*DATA:*
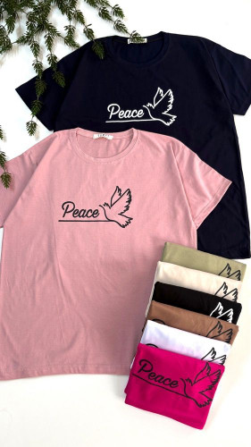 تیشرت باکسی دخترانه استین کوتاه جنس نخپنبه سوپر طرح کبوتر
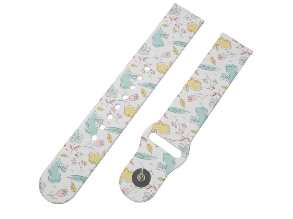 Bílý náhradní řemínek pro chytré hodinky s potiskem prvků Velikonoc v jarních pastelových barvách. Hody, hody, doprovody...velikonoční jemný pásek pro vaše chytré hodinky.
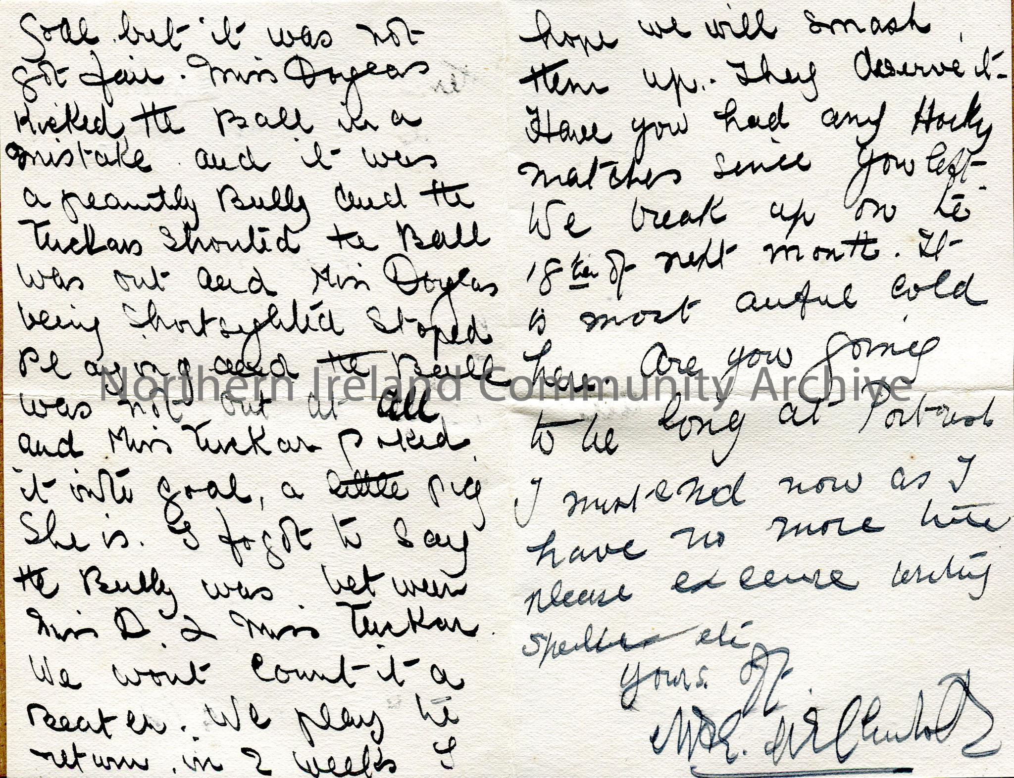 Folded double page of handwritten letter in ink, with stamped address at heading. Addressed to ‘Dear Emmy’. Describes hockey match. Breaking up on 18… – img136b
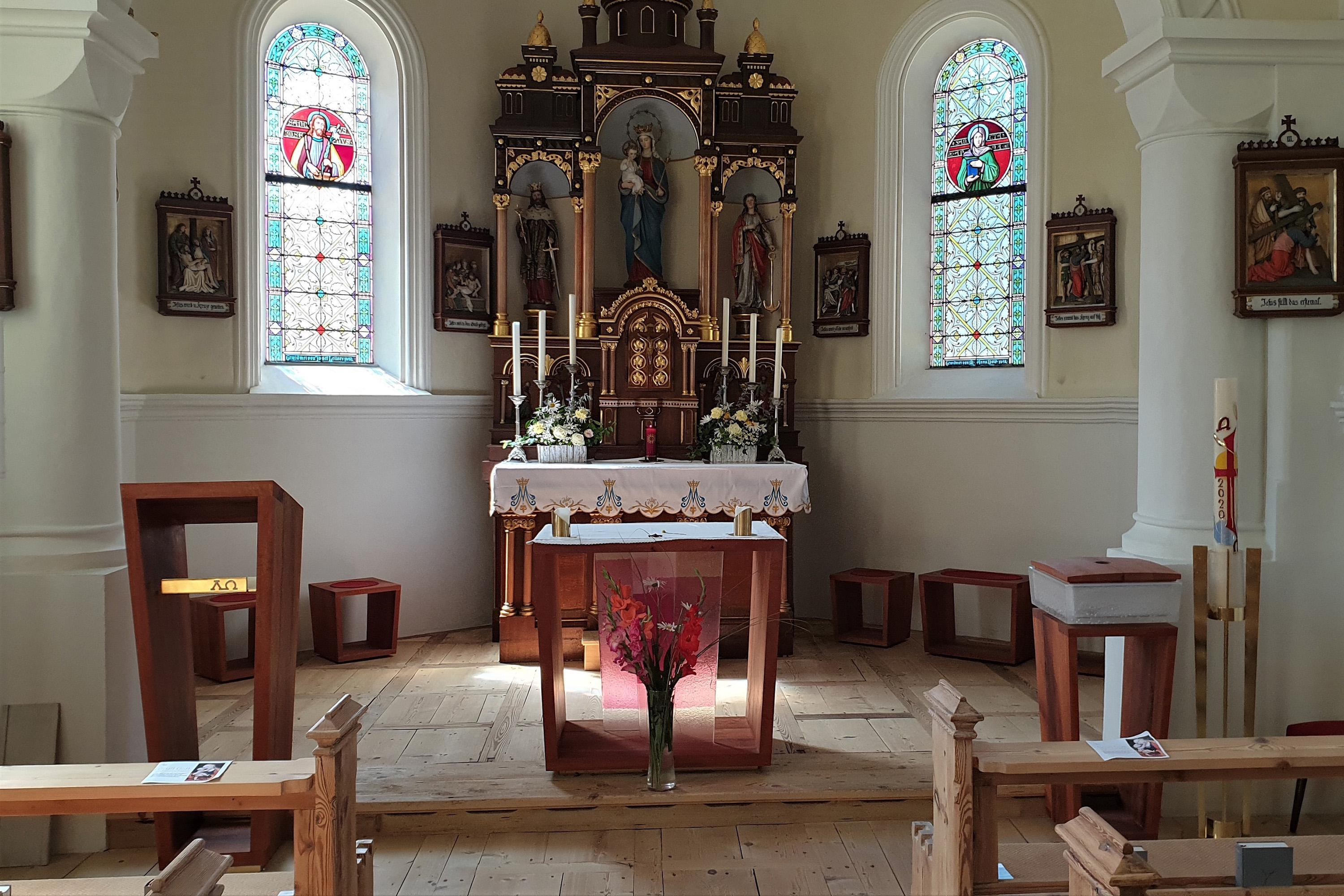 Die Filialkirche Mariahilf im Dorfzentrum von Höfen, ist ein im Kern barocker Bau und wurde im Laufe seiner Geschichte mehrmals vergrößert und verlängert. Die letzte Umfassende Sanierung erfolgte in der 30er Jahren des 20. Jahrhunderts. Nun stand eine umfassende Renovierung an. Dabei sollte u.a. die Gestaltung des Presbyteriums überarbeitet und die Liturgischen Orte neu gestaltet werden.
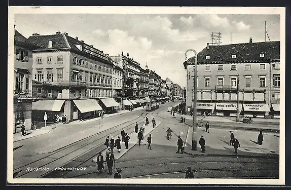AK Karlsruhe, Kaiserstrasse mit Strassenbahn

==

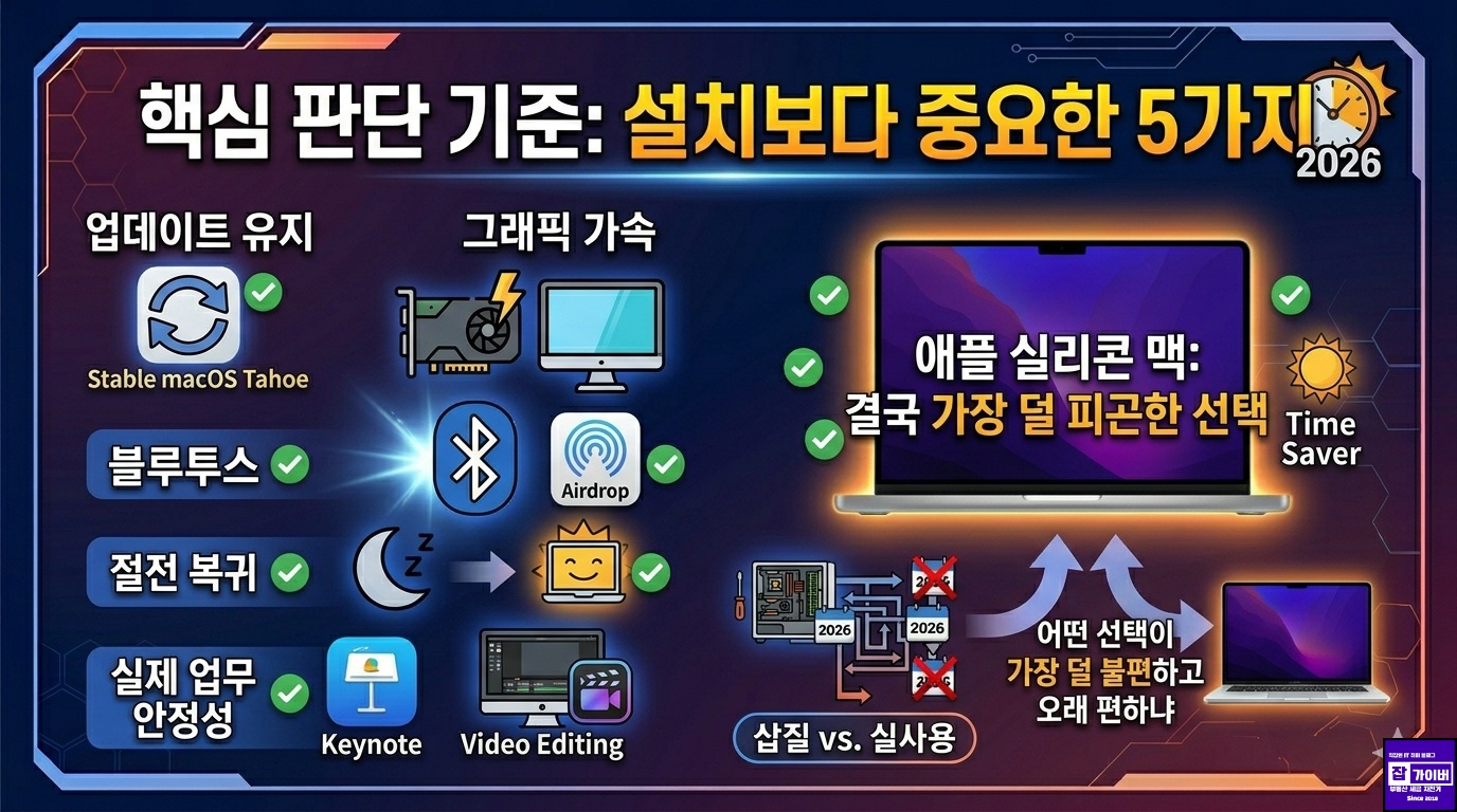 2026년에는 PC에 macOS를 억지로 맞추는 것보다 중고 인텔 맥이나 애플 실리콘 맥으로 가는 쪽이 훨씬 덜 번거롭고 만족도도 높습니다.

---

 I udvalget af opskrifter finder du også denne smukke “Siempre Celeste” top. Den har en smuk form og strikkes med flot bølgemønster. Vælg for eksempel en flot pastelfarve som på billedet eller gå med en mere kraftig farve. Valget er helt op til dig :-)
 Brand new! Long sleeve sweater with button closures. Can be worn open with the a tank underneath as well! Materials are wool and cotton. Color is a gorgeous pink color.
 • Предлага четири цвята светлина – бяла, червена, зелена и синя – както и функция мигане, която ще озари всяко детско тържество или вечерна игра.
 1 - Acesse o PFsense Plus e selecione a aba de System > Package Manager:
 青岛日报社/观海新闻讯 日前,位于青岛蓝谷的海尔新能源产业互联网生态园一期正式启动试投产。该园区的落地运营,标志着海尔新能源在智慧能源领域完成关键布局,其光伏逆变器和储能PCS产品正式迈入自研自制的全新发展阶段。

*YOUR INSTRUCTIONS:* What you give back should be exactly the lines of the data above from the line with "Brand new! Long" through the line with "青岛日报社/观海新闻讯 日前", both of those included, and nothing more.

*RESPONSE:*
 Brand new! Long sleeve sweater with button closures. Can be worn open with the a tank underneath as well! Materials are wool and cotton. Color is a gorgeous pink color.
 • Предлага четири цвята светлина – бяла, червена, зелена и синя – както и функция мигане, която ще озари всяко детско тържество или вечерна игра.
 1 - Acesse o PFsense Plus e selecione a aba de System > Package Manager:
 青岛日报社/观海新闻讯 日前,位于青岛蓝谷的海尔新能源产业互联网生态园一期正式启动试投产。该园区的落地运营,标志着海尔新能源在智慧能源领域完成关键布局,其光伏逆变器和储能PCS产品正式迈入自研自制的全新发展阶段。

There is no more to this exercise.